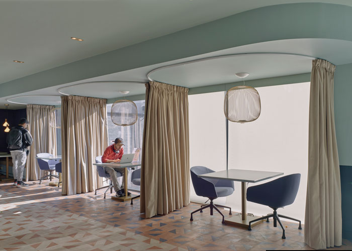 “There was a really strong focus on acoustics in the mezzanine spaces, with every possible acoustic solution available built into its ceilings, partitions and even curtains. Each zone on the mezzanine also had to be able to double up as social space, which meant thinking about multiple configurations so that the spaces could be organised for everything from casual lounge use to more organised social events or quiet working. Flexible partitioning in the form of curtains on tracks that can seal off or open spaces up also really helped with this.” 74 Senior Interior Designer Megan Jones
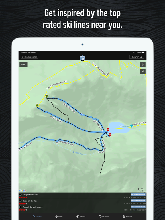 With the thoroughness of a printed map, we offer full GPS route info, elevation profiles, interactive features, photos, and more. Like a guidebook, we suggest the best featured ski lines to explore—either near your current location or in an area you search for. Local experts show you the highlights, challenging features, and insights you need to plan a great day in the snow.
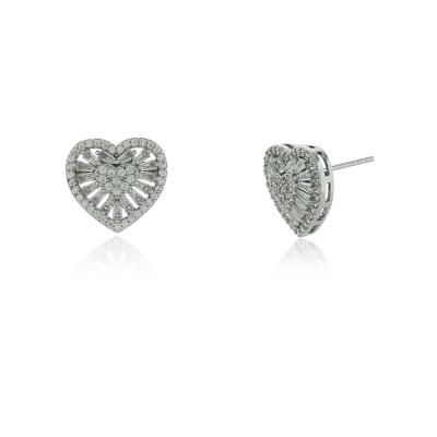 Brinco Baguete Coração com banho de ródio branco. Brinco mede 1,5cm de altura e de largura
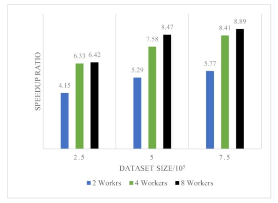 According to Figure 7, under different data scales, the speedup ratio of the algorithm is not the same, but the overall increase. From the data scale set of 2.5 × 105, the speedup ratio of two workers is 4.15, the speedup ratio of four workers is 6.33, and the speedup ratio of eight workers is 6.42. From the data scale set of 5 × 105, the speedup ratio of two workers is 5.29, the speedup ratio of four workers is 7.58, and the speedup ratio of eight workers is 8.47. In terms of the data scale set of 7.5 × 105, the speedup ratio of two workers is 5.77, the speedup ratio of four workers is 8.41, and the speedup ratio of eight workers is 8.89.
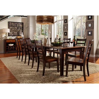 The Layla Dining Set feature a unique two-tone oak and espresso finish
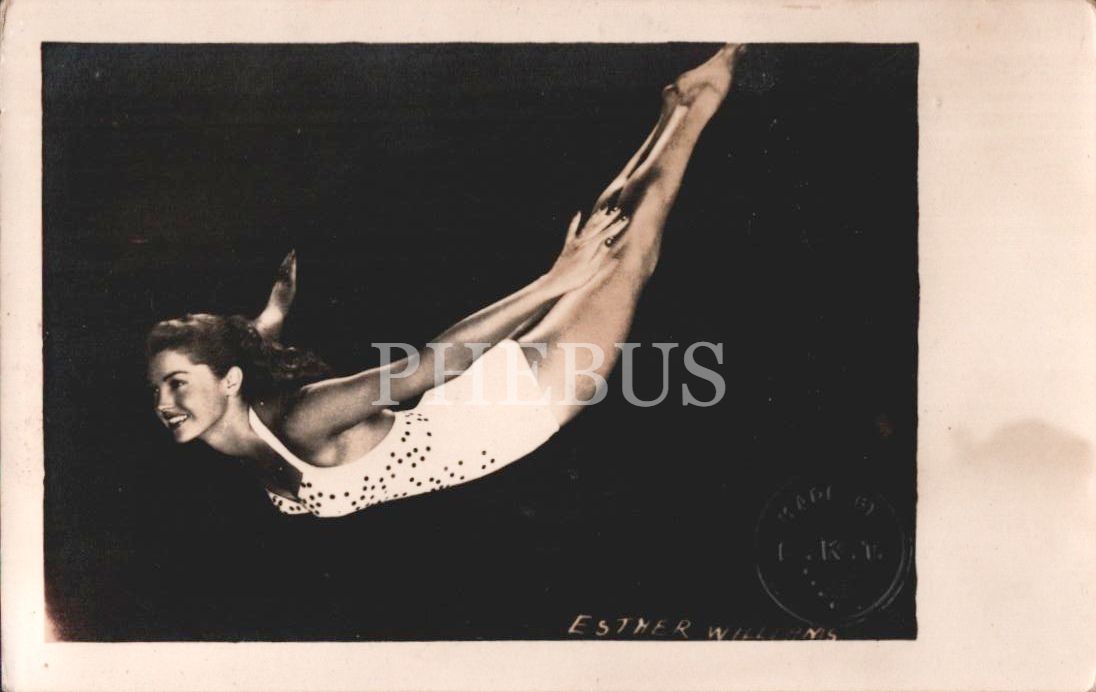 Amerikalı oyuncu ve profesyonel yüzücü Esther Williams´ın "Made by E. K. T." soğuk damgalı bir fotokartı, 14x9 cm

* WORK ORDER: Reproduce exactly, and only, the lines that begin at the one containing "With the thoroughness" and end with the final line of the data, both included, while omitting every picture.

* EXERCISE RESPONSE:
 With the thoroughness of a printed map, we offer full GPS route info, elevation profiles, interactive features, photos, and more. Like a guidebook, we suggest the best featured ski lines to explore—either near your current location or in an area you search for. Local experts show you the highlights, challenging features, and insights you need to plan a great day in the snow.
 Brinco Baguete Coração com banho de ródio branco. Brinco mede 1,5cm de altura e de largura
 According to Figure 7, under different data scales, the speedup ratio of the algorithm is not the same, but the overall increase. From the data scale set of 2.5 × 105, the speedup ratio of two workers is 4.15, the speedup ratio of four workers is 6.33, and the speedup ratio of eight workers is 6.42. From the data scale set of 5 × 105, the speedup ratio of two workers is 5.29, the speedup ratio of four workers is 7.58, and the speedup ratio of eight workers is 8.47. In terms of the data scale set of 7.5 × 105, the speedup ratio of two workers is 5.77, the speedup ratio of four workers is 8.41, and the speedup ratio of eight workers is 8.89.
 The Layla Dining Set feature a unique two-tone oak and espresso finish
 Amerikalı oyuncu ve profesyonel yüzücü Esther Williams´ın "Made by E. K. T." soğuk damgalı bir fotokartı, 14x9 cm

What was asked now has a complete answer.